We compare the effectiveness (success rate, F1) of the different agents in solving the tasks, which are grouped into categories such as searching for specific products, searching for the cheapest product given concrete or vague requirements, adding products to shopping carts, and finally checking out the products and paying for them by credit card. We also assess the efficiency of each architecture by measuring task runtime and token usage. The analysis of input and output tokens provides a basis for estimating both the operational cost of each agent as well as its energy consumption and environmental impact.

ChatGPT: The experiments show that the MCP, RAG, and NLWeb agents achieve comparable — and in many cases even higher — task completion rates than the HTML agent, while consuming 5 to 10 times fewer tokens. For basic tasks, the NLWeb agent achieves the highest completion rate (88% with Claude Sonnet), while the RAG agent shows strong performance across both basic and advanced tasks. All alternative interfaces demonstrate significantly lower token usage compared to the browser-based agent, with the RAG agent being particularly efficient.

2. Architectures and Interfaces

The section below describes the four different architectures that we compare in our experimental study as well as the interfaces that agents and e-shops use for communication.

2.1 Browser-based Agent (HTML Agent)

The HTML agent accesses the e-shops via their traditional HTML interfaces intended for human usage. We employ the AX+MEM HTML agent from the WebMall benchmark for our experiments. The agent is implemented using the AgentLab library which accompanies BrowserGym. The agent uses the accessibility tree (AXTree) of HTML pages as observation space and has access to short-term memory which it can use to store relevant information at each step in order to maintain context across longer task sequences.

HTML Agent Workflow

The HTML agent executes the following interaction loop:

  1. Navigate to target web page using browser automation
  2. Parse accessibility tree (AXTree) to understand page content
  3. Store relevant information in short-term memory
  4. Execute action (click, type, scroll) based on task requirements
  5. Repeat interaction cycle until task completion

More details about the AX+MEM HTML agent are found on the WebMall benchmark page.

2.2 Agent querying a Search Engine (RAG Agent)

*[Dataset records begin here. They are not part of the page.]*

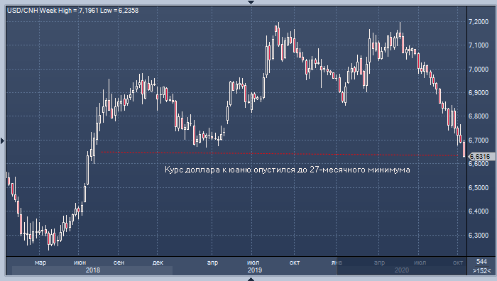 Ожидания скорого согласования нового пакета стимулов в США заставляют инвесторов покупать рискованные активы. На этом фоне индекс доллара BBDXY опустился до рекордно низких значений с 18 сентября, а китайский юань заметно подорожал благодаря уверенному восстановлению экономики страны.
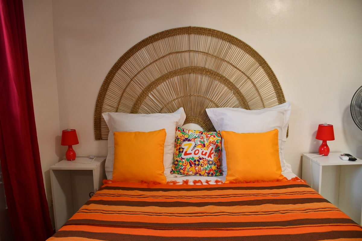 Experience exceptional moments in a fabulous one-bedroom apartment (64m²) located in a luxurious, secure residence just 5 minutes from the capital, Fort-de-France, where you'll be lulled by the waves and amazed by the magnificent sunsets. Access to nearby beaches, restaurants, a supermarket, a casino, and a diving center are all within 3 minutes. High-quality amenities: queen-size bed, air conditioning, a fully equipped kitchen, masks/snorkels available, and secure parking.
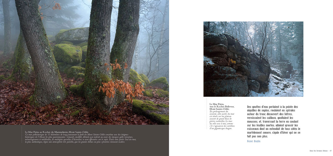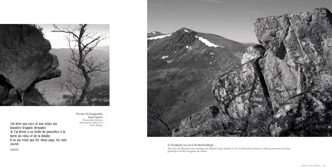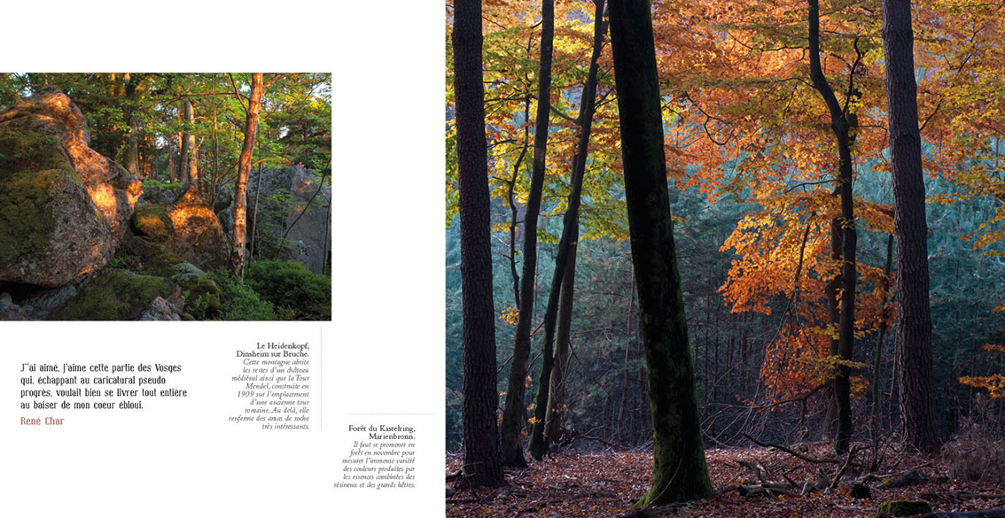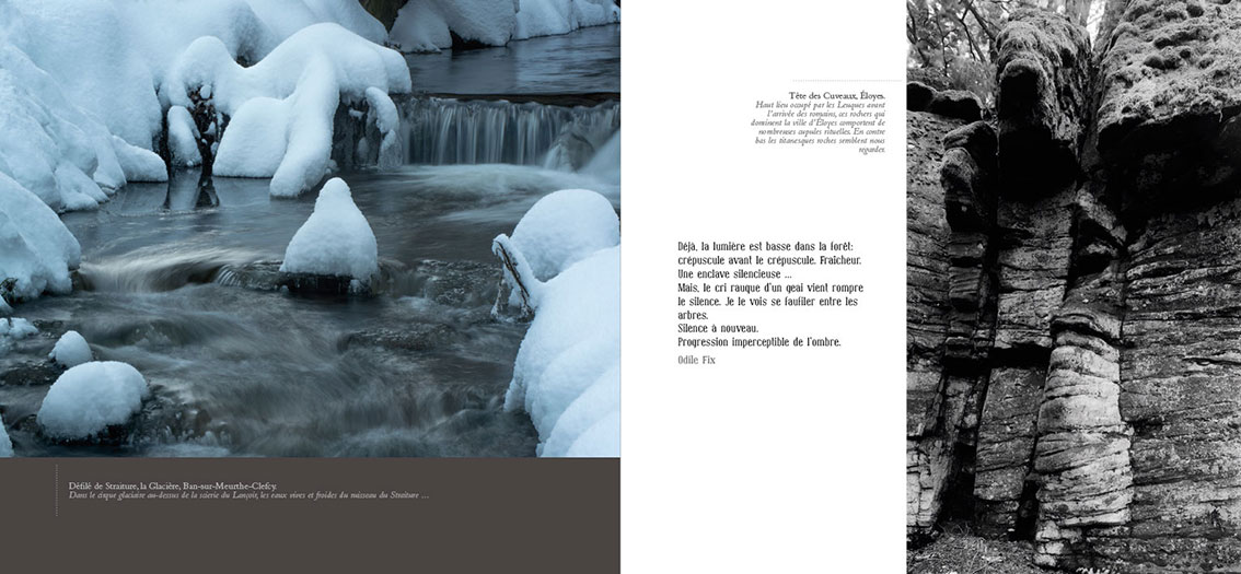 Près de 15o pages en forme d'errances inspirées, en couleurs et en noir et blanc, dans les montagnes, des roches moussues du Mur païen aux puissantes forêts du Donon, en passant par les charmantes prairies du Thillot. Au total, une centaine de lieux célèbres ou méconnus, situés en Alsace et en Lorraine, sont caressés par l'objectif de l'un et le verbe de l'autre, entre espièglerie et rêverie. Comme un appel à la randonnée.
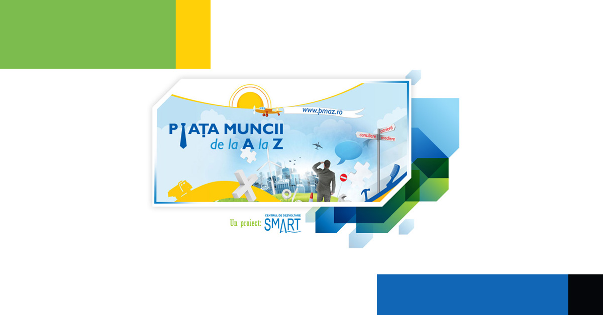 Centrul de Dezvoltare SMART, in parteneriat cu Patronatul Intreprinderilor Mici si Mijlocii Galati si Patronatul Tinerilor Intreprinzatori din Regiunea de Sud-Est, au implementat proiectul Piata Muncii de la A la Z, finatator POS DRU, Axa prioritara 5 “Promovarea masurilor active de ocupare”, Domeniul Major de interventie 5.1 “Dezvoltarea si implementarea masurilor active de ocupare”.
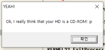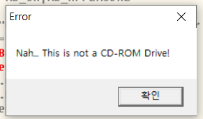 플래그값 변조 후 프로그램을 다시 실행해보면 CD-Rom으로 인식되었다는 알림창을 확인할 수 있다.

The RAG agent does not directly access the e-shops but interacts with a search engine that has crawled and indexed all pages of all e-shops. Our RAG implementation uses Elasticsearch to create a unified search index containing scraped content from all four WebMall shops. Before indexing, we remove naviagation elements and HTML tags from the pages using the Unstructured library. An example of a resulting JSON file can be found here. The system generates composite embeddings that combine product titles and descriptions, enabling semantic similarity search. The search engine is presented to the agent as a tool that can be called one or multiple times with differing queries to iteratively refine the results.

The agent leverages the LangGraph framework to orchestrate retrieval workflows and incorporates specialized Python functions for e-commerce actions like adding items to carts and completing checkouts. More specifically, the RAG agent is implemented as a LangGraph ReAct agent with the following available tools:

  1. search_products: Execute semantic search queries against Elasticsearch (returns title + URL for efficiency)
  2. get_product_details: Fetch detailed product information for specific URLs
  3. add_to_cart_webmall_1-4: Add products to specific shop carts
  4. checkout_webmall_1-4: Complete purchases with customer details

RAG Agent Workflow

The agent follows a two-phase search approach: first using lightweight searches to identify promising products, then fetching detailed information only for relevant items to minimize token usage.

For more details about the implementation of the RAG agent please refer to the RAG source code in our repository. The prompt used for defining the agent can be found here.

2.3 Agent querying Web APIs via MCP (MCP Agent)

The MCP agent interacts with websites through structured APIs provided by website vendors. These APIs are exposed via they Model Context Protocol (MCP), originally proposed by Anthropic, is an open protocol designed to standardize communication between LLM applications and external tools or data sources. Instead of parsing unstructured web content, an agent (the MCP Host) connects to a dedicated MCP Server that exposes a well-defined set of tools. These tools wrap the WebAPI and can be implemented by the vendor of the website directly or by a third party.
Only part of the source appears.